_WORK TO BE COMPLETED_:
Give every entry below again, exactly as written, and skip the images.

(Data excerpts)
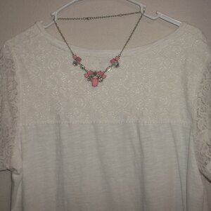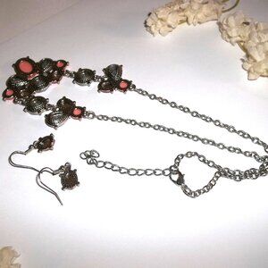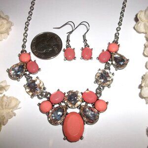 This pre-owned jewelry set is costume jewelry. They are silver toned. The earrings are just a simple minimalist style oval peach acrylic cabochon. The pair dangle and drop from French fishhook ear wires for her pierced ears. Measure 1 1/4 inch tall and 3/8 inch wide. Each single earring weighs 0.8 grams. Very lightweight. The statement style bib necklace is very eye-catching with faux white aurora borealis rhinestone diamonds mixed in with the peach stones. The short chain necklace can be worn up to 20 inches using the built-in extender. Could be worn shorter by attaching the lobster claw clasp lower on the chain. Bib/rhinestone part is 4 3/4 inches long and 1 3/8 inch tall. Very versatile piece. Could be worn fancy dressing up or dress down business comfort casual style. Very unique and eye-catching Buy it now before someone else does!
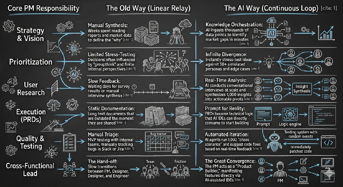 The traditional PM lifecycle is being compressed. What used to take quarters now takes weeks. The roles we once considered distinctโDesigner, Researcher, Engineerโare merging into a single, high-velocity execution layer.
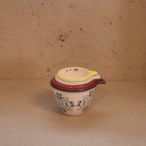 Largest cup for 1 cup measures 3" tall, 4" diameter, 2 1/4" diameter base
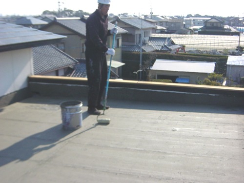 屋上の雨漏り修復リフォーム 1層目の防水塗膜工事
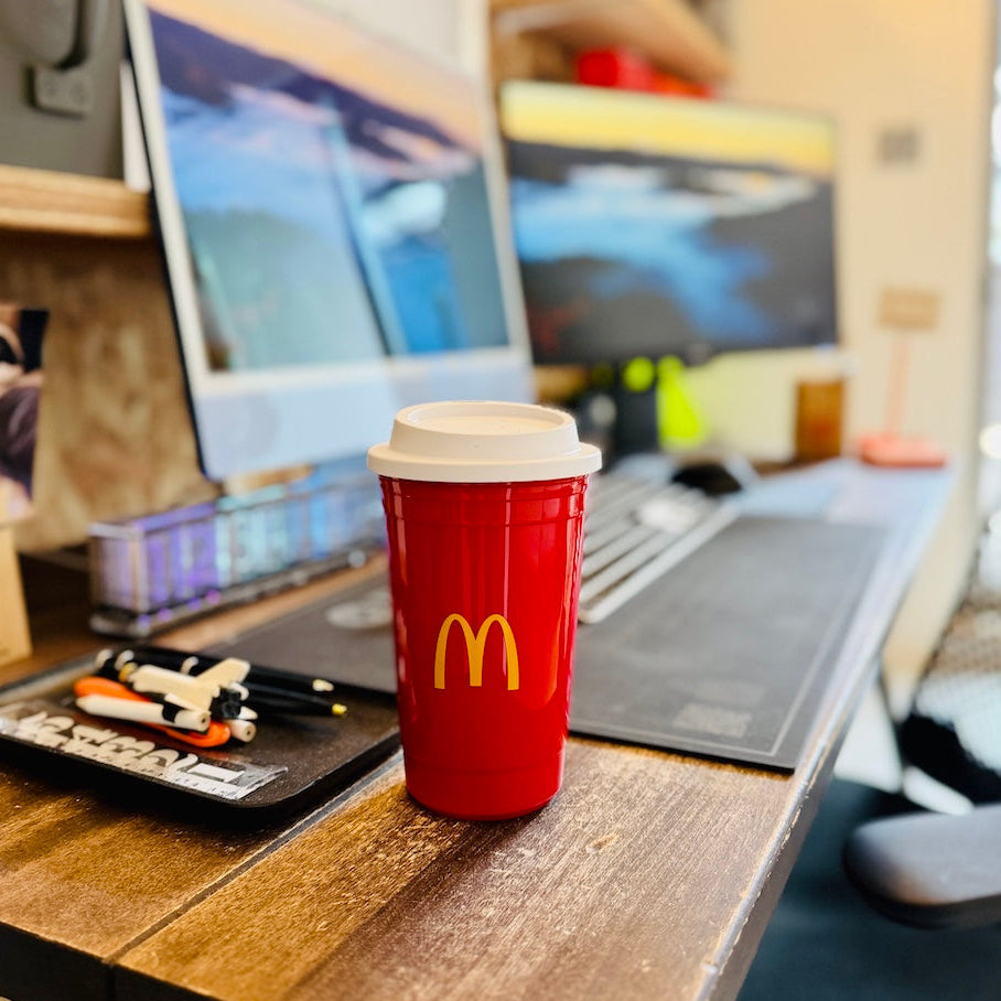 これをポンっとテーブルの上に置いただけでその場の雰囲気を支配してしまう、マクドナルドのロゴとカラーにはそんな力があります。このポップの魔力にはどんなデザインも敵いませんね。これからの時期にはコーヒーやココアを入れて勉強に仕事に精を出したいものです。
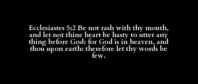 Ecclesiastes 5:2 Be not rash with thy mouth, and let not thine heart be hasty to utter any thing before God: for God is in heaven, and thou upon earth: therefore let thy words be few.
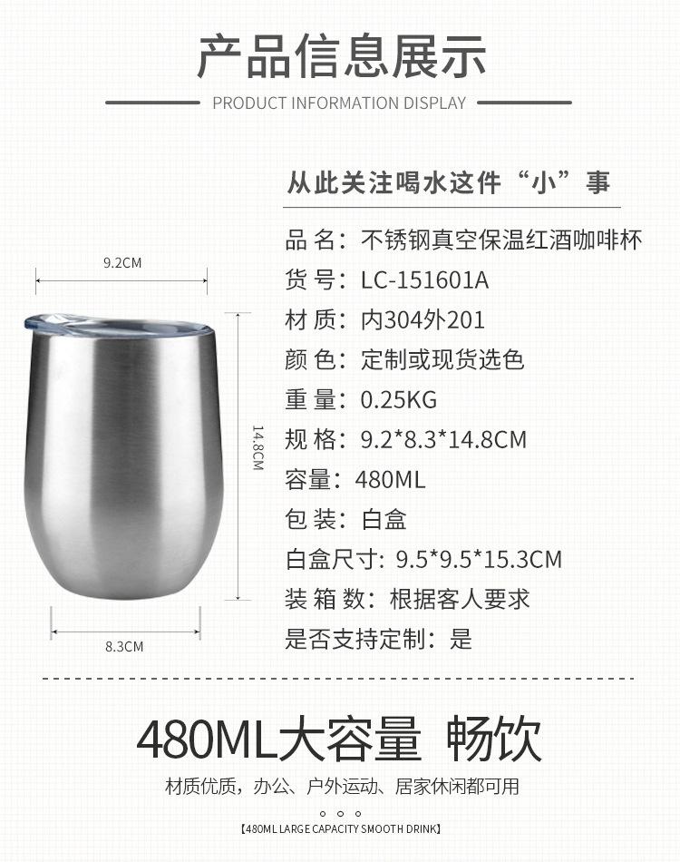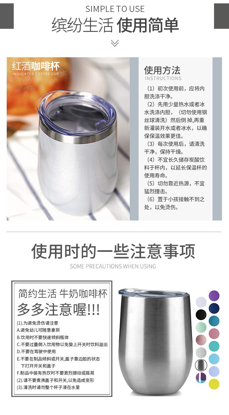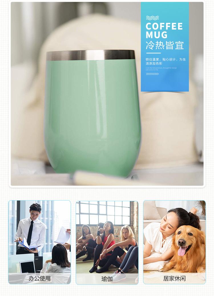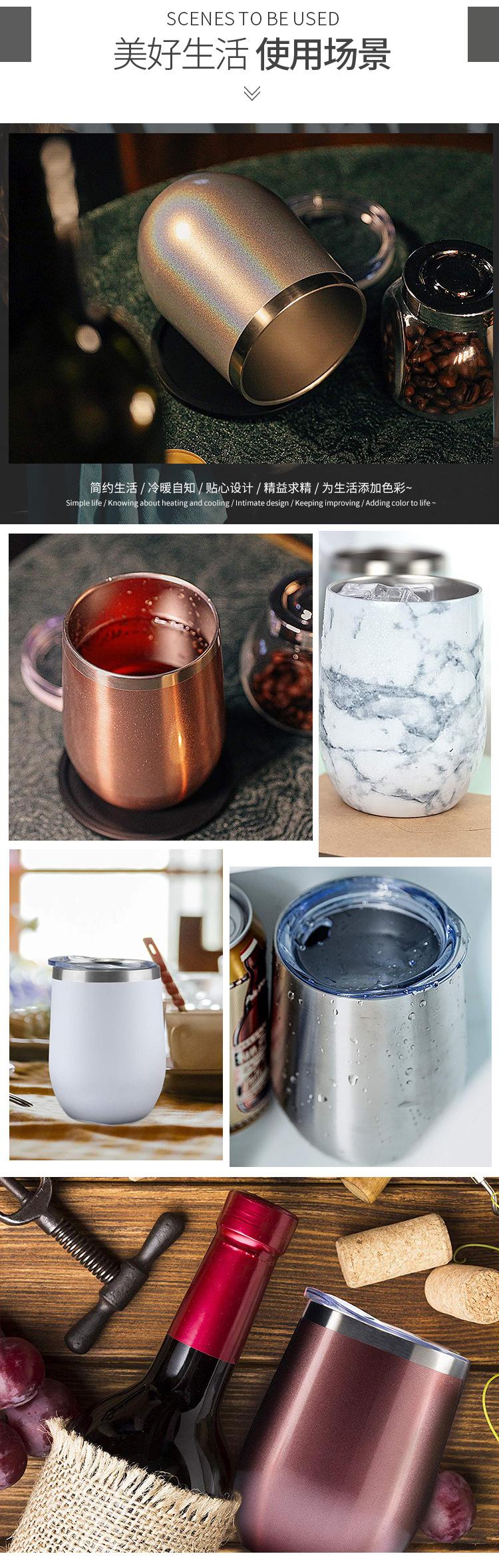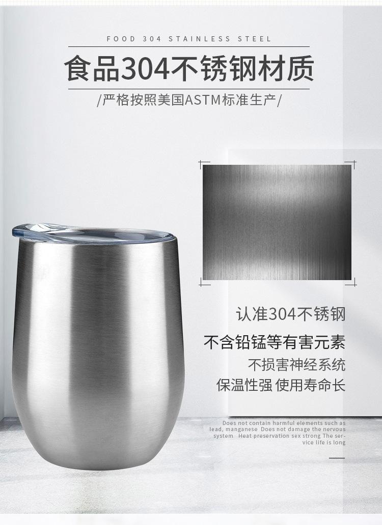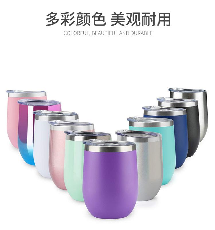 Taza de huevo de 12 oz transfronteriza, copa de vino tinto creativa, taza de cáscara de huevo en forma de U con pulverizador al vacío de acero inoxidable 304, venta al por mayor

_SOLUTION TO THIS TASK_:
 This pre-owned jewelry set is costume jewelry. They are silver toned. The earrings are just a simple minimalist style oval peach acrylic cabochon. The pair dangle and drop from French fishhook ear wires for her pierced ears. Measure 1 1/4 inch tall and 3/8 inch wide. Each single earring weighs 0.8 grams. Very lightweight. The statement style bib necklace is very eye-catching with faux white aurora borealis rhinestone diamonds mixed in with the peach stones. The short chain necklace can be worn up to 20 inches using the built-in extender. Could be worn shorter by attaching the lobster claw clasp lower on the chain. Bib/rhinestone part is 4 3/4 inches long and 1 3/8 inch tall. Very versatile piece. Could be worn fancy dressing up or dress down business comfort casual style. Very unique and eye-catching Buy it now before someone else does!
 The traditional PM lifecycle is being compressed. What used to take quarters now takes weeks. The roles we once considered distinctโDesigner, Researcher, Engineerโare merging into a single, high-velocity execution layer.
 Largest cup for 1 cup measures 3" tall, 4" diameter, 2 1/4" diameter base
 屋上の雨漏り修復リフォーム 1層目の防水塗膜工事
 これをポンっとテーブルの上に置いただけでその場の雰囲気を支配してしまう、マクドナルドのロゴとカラーにはそんな力があります。このポップの魔力にはどんなデザインも敵いませんね。これからの時期にはコーヒーやココアを入れて勉強に仕事に精を出したいものです。
 Ecclesiastes 5:2 Be not rash with thy mouth, and let not thine heart be hasty to utter any thing before God: for God is in heaven, and thou upon earth: therefore let thy words be few.
 Taza de huevo de 12 oz transfronteriza, copa de vino tinto creativa, taza de cáscara de huevo en forma de U con pulverizador al vacío de acero inoxidable 304, venta al por mayor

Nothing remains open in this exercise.